With pictures left out, output exactly the lines of the listing below from the line that has "4月29日晚,在固安县中央公" to the line that has "Worp Tjaardastraat 65", both lines kept.
---------- Recorded information
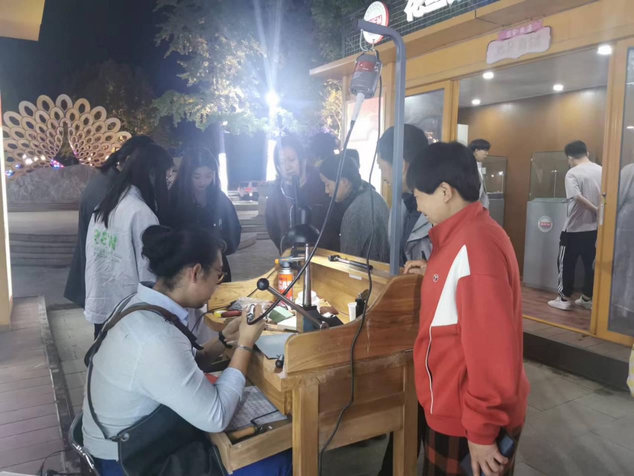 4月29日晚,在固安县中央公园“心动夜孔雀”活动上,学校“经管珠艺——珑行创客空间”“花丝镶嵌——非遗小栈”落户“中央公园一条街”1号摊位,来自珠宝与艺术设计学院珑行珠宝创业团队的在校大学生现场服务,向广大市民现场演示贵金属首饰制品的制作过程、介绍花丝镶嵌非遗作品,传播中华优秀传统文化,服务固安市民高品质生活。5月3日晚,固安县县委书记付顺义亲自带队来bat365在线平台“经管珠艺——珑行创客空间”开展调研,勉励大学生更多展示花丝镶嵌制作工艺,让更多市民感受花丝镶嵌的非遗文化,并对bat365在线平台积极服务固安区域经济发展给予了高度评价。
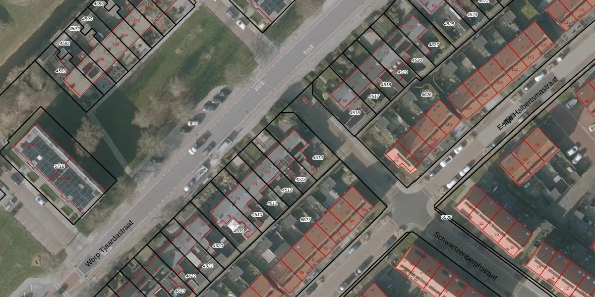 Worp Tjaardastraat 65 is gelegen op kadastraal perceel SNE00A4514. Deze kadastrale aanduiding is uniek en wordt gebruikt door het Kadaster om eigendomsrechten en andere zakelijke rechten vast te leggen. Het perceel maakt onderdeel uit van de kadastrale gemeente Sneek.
--------------------
---------- Recorded information
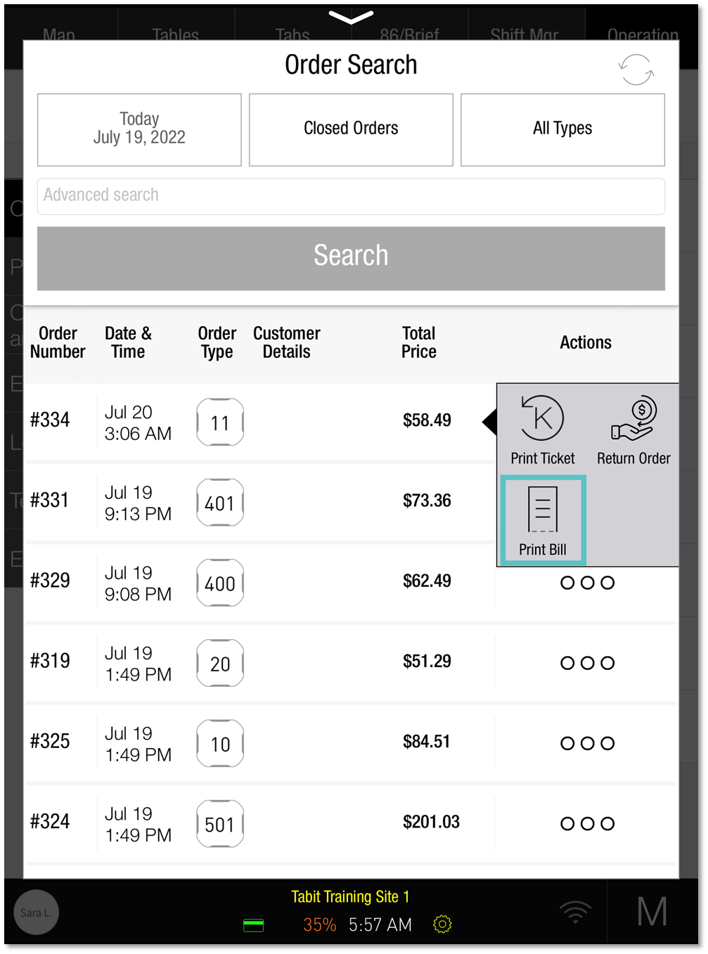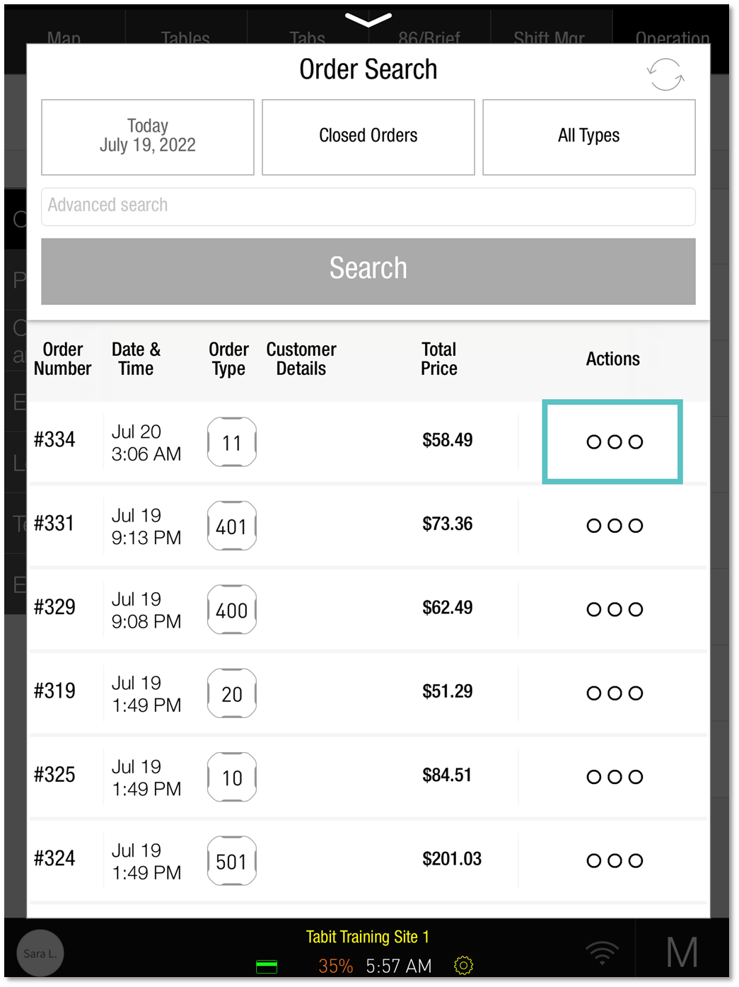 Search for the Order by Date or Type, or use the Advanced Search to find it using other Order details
--------------------
---------- Recorded information
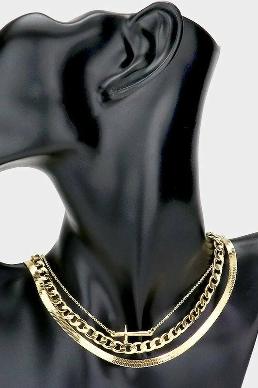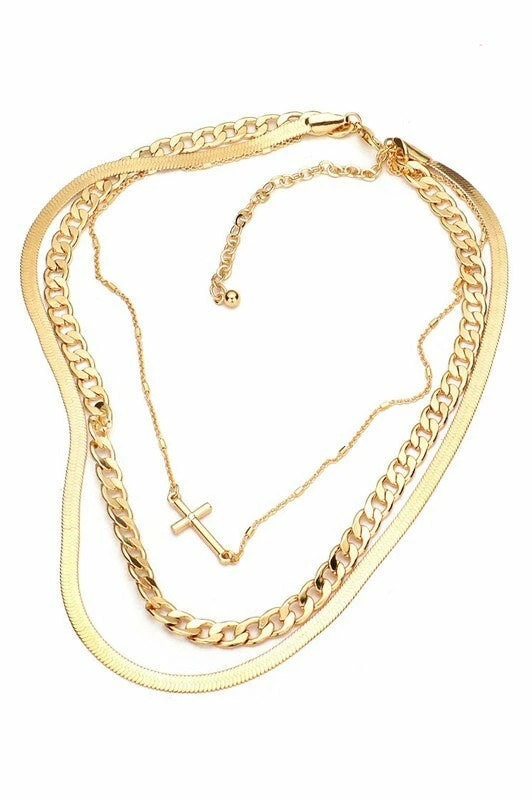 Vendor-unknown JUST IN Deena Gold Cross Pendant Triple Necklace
--------------------
> _Answer space_
 4月29日晚,在固安县中央公园“心动夜孔雀”活动上,学校“经管珠艺——珑行创客空间”“花丝镶嵌——非遗小栈”落户“中央公园一条街”1号摊位,来自珠宝与艺术设计学院珑行珠宝创业团队的在校大学生现场服务,向广大市民现场演示贵金属首饰制品的制作过程、介绍花丝镶嵌非遗作品,传播中华优秀传统文化,服务固安市民高品质生活。5月3日晚,固安县县委书记付顺义亲自带队来bat365在线平台“经管珠艺——珑行创客空间”开展调研,勉励大学生更多展示花丝镶嵌制作工艺,让更多市民感受花丝镶嵌的非遗文化,并对bat365在线平台积极服务固安区域经济发展给予了高度评价。
 Worp Tjaardastraat 65 is gelegen op kadastraal perceel SNE00A4514. Deze kadastrale aanduiding is uniek en wordt gebruikt door het Kadaster om eigendomsrechten en andere zakelijke rechten vast te leggen. Het perceel maakt onderdeel uit van de kadastrale gemeente Sneek.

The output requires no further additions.